» **Exercise directions**
Please retype all of the entries that follow, leaving the images out.

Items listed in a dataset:
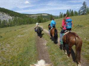In the MS guesthouse of Khatgal, I have the incredible luck to meet two really great French couples. One of them lives in Sweden, the other has been travelling the world for 10 months. For the next few days, they have planned to separate because the women want to go horse riding, and the men want to walk. It’s a great occasion, because I was looking to join a group in order to go horse trekking, and they are looking for someone to share the costs! It’s a done deal, we are leaving the next day. We get an explanation of the route and the general conduct of the next five days by the manager: we are going to move away towards the West, in the mountains, where we are going to camp the first nights before coming back along the coast of the lake.
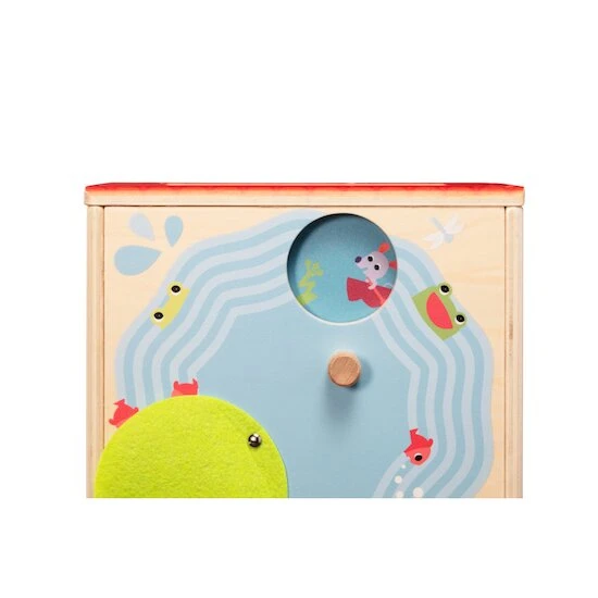 Ce cube d’activités en bois offre une masse d’activités sur chaque face. Paulette, la poulette, plonge dans l’étang, se repose dans son nid douillet ou part explorer les faces magnifiquement illustrées du cube. Les sens, les petits doigts, le cerveau et l’imagination sont défiés et stimulés.
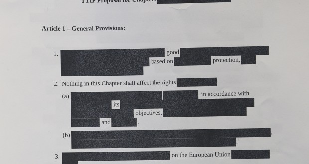 Pendant longtemps, peu d’informations étaient connues sur le traité, si ce n’est quelques résumés des négociations publiés par l’UE et quelques fuites de textes. Le mandat de négociation n’est toujours pas dans le domaine public, mais une fuite en allemand est maintenant disponible.
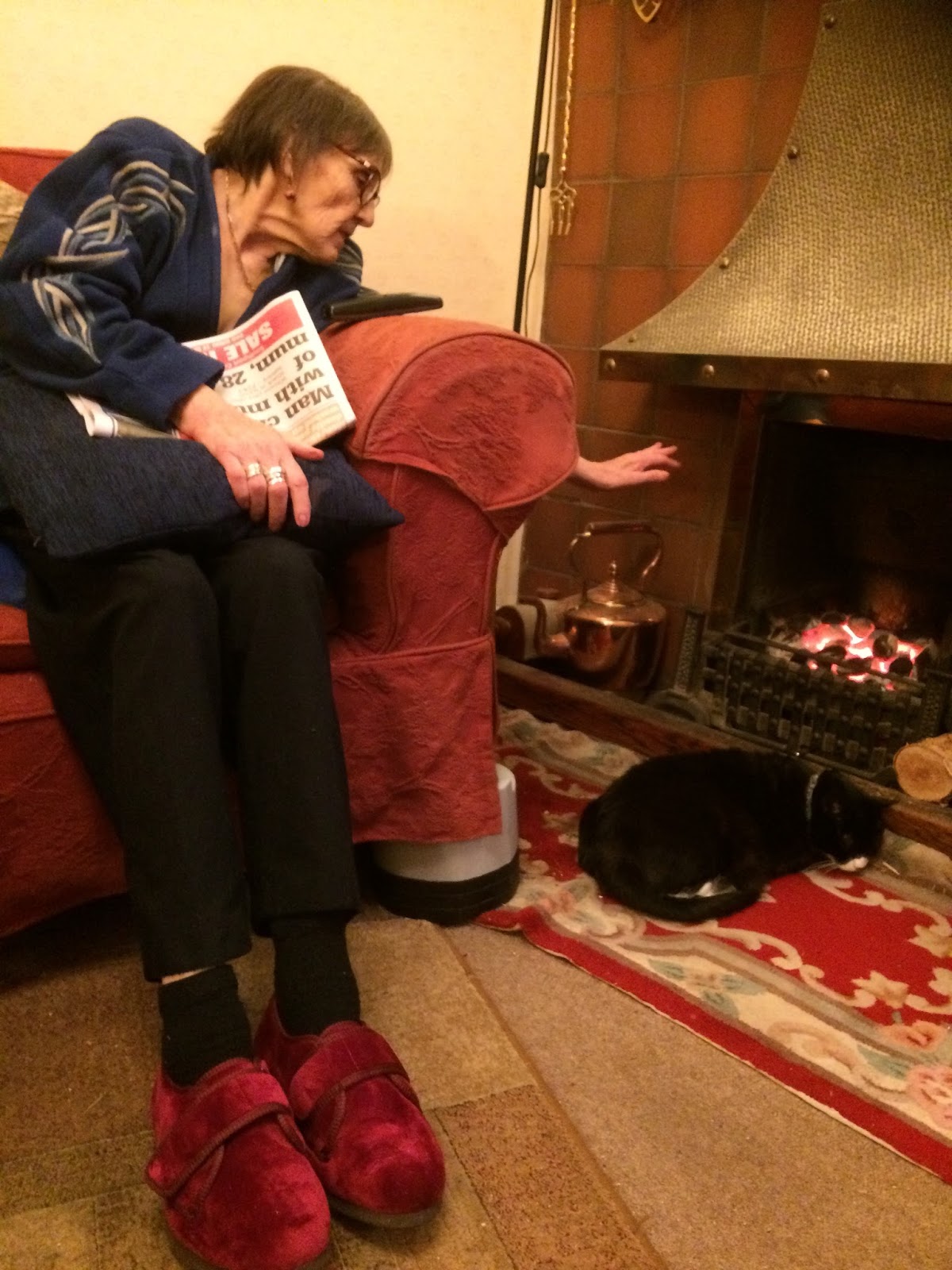She was nearly in the fire last night! notice the slippers in a nice Burgundy colour.
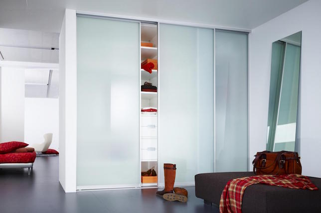 Las puertas de armario modernas hechas de vidrio pueden funcionar bien para habitaciones con un diseño contemporáneo. Las puertas de armario dobles de vidrio esmerilado son una opción popular para aquellos que prefieren ocultar los espacios de almacenamiento mientras crean un aspecto fresco en su dormitorio.
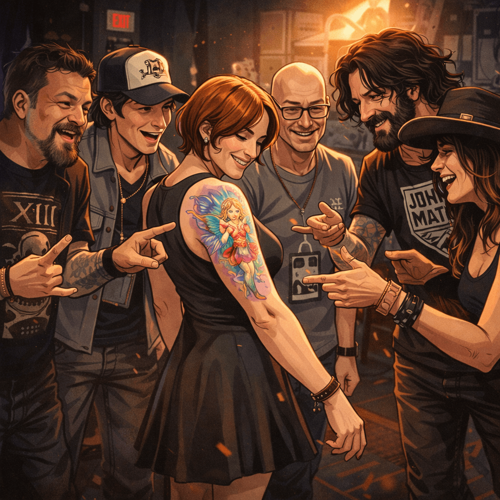 My wife was with me, and she was wearing something that—of course—people noticed. She has this incredible tattoo: a colorful fairy piece by Chris Blinston. It’s one of those tattoos that doesn’t sit quietly. It announces itself. Bright, bold, artful—like it belongs in a gallery and somehow also belongs in a rock show.
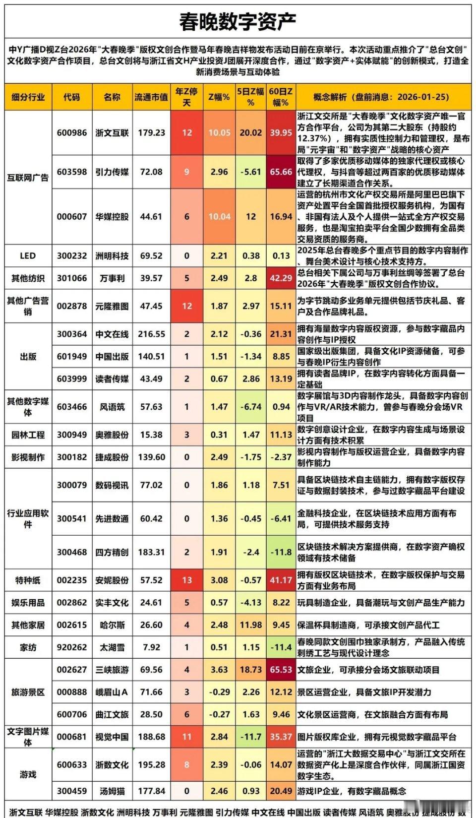 春晚+数字资产双风口引爆!总台文创重磅合作落地,这些概念股站上潮头央视重磅推介**“总台文创”文化数字资产合作项目**,标志着总台文创与浙江省文化产业投资集团的战略合作正式迈入实质阶段。双方创新性打造**“数字资产+实体赋能”新模式**,深度融合文化IP与数字化技术,打破线上线下消费边界,探索数字化时代文化消费的全新场景与体验,有望撬动文化数字经济新蓝海。核心概念股全梳理:浙文互联、华媒控股、浙数文化、洲明科技、万事利、元隆雅图、引力传媒、中文在线、中国出版、读者传媒、风语筑、奥雅股份、捷成股份、数码视讯、先进数通、四方精创、安妮股份、实丰文化、哈尔斯、太湖雪、三峡旅游、峨眉山A、曲江文旅、视觉中国、汤姆猫
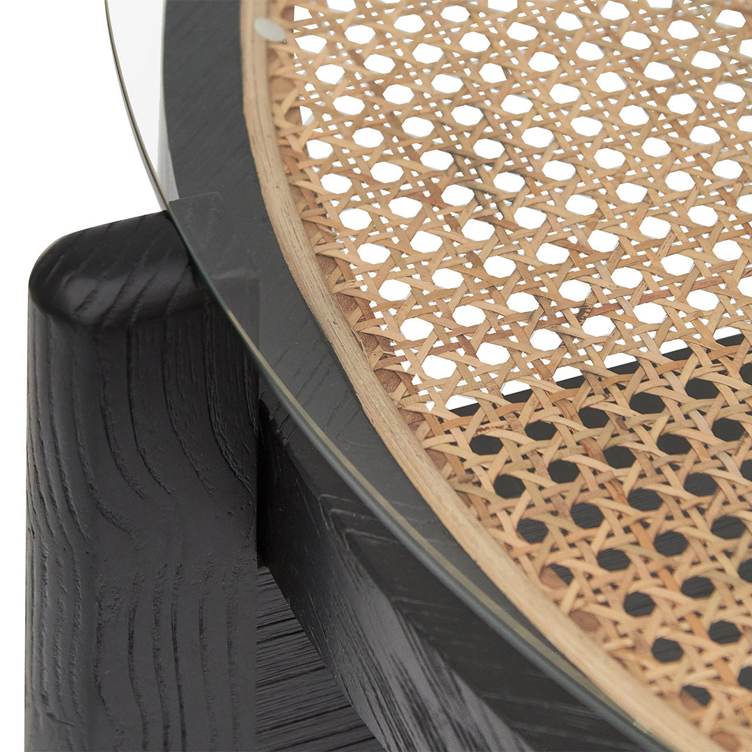 Simply appreciate the timeless elegance of rattan-inspired design, elevate your living space with 96cm Coffee Table exquisite fusion of vintage charm and contemporary allure.Tabletop in a clear tempered glass build Second-tier shelf made with handwoven rattan Frame and leg detailing in a matte black oak wood finish Hand carved wood textures visible throughout Tempered glass table top sits plush within frame Product requires two-person assembly96cm (W) x 96cm (D) x 45cm (H) Leg height: 34.4cmBox 1: 96cmx96cmx45cm, 25kg, 0.4147cbm Box 2: 98cmx98cmx12cm, 19kg, 0.1152cbm

» **Answer for this exercise**
In the MS guesthouse of Khatgal, I have the incredible luck to meet two really great French couples. One of them lives in Sweden, the other has been travelling the world for 10 months. For the next few days, they have planned to separate because the women want to go horse riding, and the men want to walk. It’s a great occasion, because I was looking to join a group in order to go horse trekking, and they are looking for someone to share the costs! It’s a done deal, we are leaving the next day. We get an explanation of the route and the general conduct of the next five days by the manager: we are going to move away towards the West, in the mountains, where we are going to camp the first nights before coming back along the coast of the lake.
 Ce cube d’activités en bois offre une masse d’activités sur chaque face. Paulette, la poulette, plonge dans l’étang, se repose dans son nid douillet ou part explorer les faces magnifiquement illustrées du cube. Les sens, les petits doigts, le cerveau et l’imagination sont défiés et stimulés.
 Pendant longtemps, peu d’informations étaient connues sur le traité, si ce n’est quelques résumés des négociations publiés par l’UE et quelques fuites de textes. Le mandat de négociation n’est toujours pas dans le domaine public, mais une fuite en allemand est maintenant disponible.
She was nearly in the fire last night! notice the slippers in a nice Burgundy colour.
 Las puertas de armario modernas hechas de vidrio pueden funcionar bien para habitaciones con un diseño contemporáneo. Las puertas de armario dobles de vidrio esmerilado son una opción popular para aquellos que prefieren ocultar los espacios de almacenamiento mientras crean un aspecto fresco en su dormitorio.
 My wife was with me, and she was wearing something that—of course—people noticed. She has this incredible tattoo: a colorful fairy piece by Chris Blinston. It’s one of those tattoos that doesn’t sit quietly. It announces itself. Bright, bold, artful—like it belongs in a gallery and somehow also belongs in a rock show.
 春晚+数字资产双风口引爆!总台文创重磅合作落地,这些概念股站上潮头央视重磅推介**“总台文创”文化数字资产合作项目**,标志着总台文创与浙江省文化产业投资集团的战略合作正式迈入实质阶段。双方创新性打造**“数字资产+实体赋能”新模式**,深度融合文化IP与数字化技术,打破线上线下消费边界,探索数字化时代文化消费的全新场景与体验,有望撬动文化数字经济新蓝海。核心概念股全梳理:浙文互联、华媒控股、浙数文化、洲明科技、万事利、元隆雅图、引力传媒、中文在线、中国出版、读者传媒、风语筑、奥雅股份、捷成股份、数码视讯、先进数通、四方精创、安妮股份、实丰文化、哈尔斯、太湖雪、三峡旅游、峨眉山A、曲江文旅、视觉中国、汤姆猫
 Simply appreciate the timeless elegance of rattan-inspired design, elevate your living space with 96cm Coffee Table exquisite fusion of vintage charm and contemporary allure.Tabletop in a clear tempered glass build Second-tier shelf made with handwoven rattan Frame and leg detailing in a matte black oak wood finish Hand carved wood textures visible throughout Tempered glass table top sits plush within frame Product requires two-person assembly96cm (W) x 96cm (D) x 45cm (H) Leg height: 34.4cmBox 1: 96cmx96cmx45cm, 25kg, 0.4147cbm Box 2: 98cmx98cmx12cm, 19kg, 0.1152cbm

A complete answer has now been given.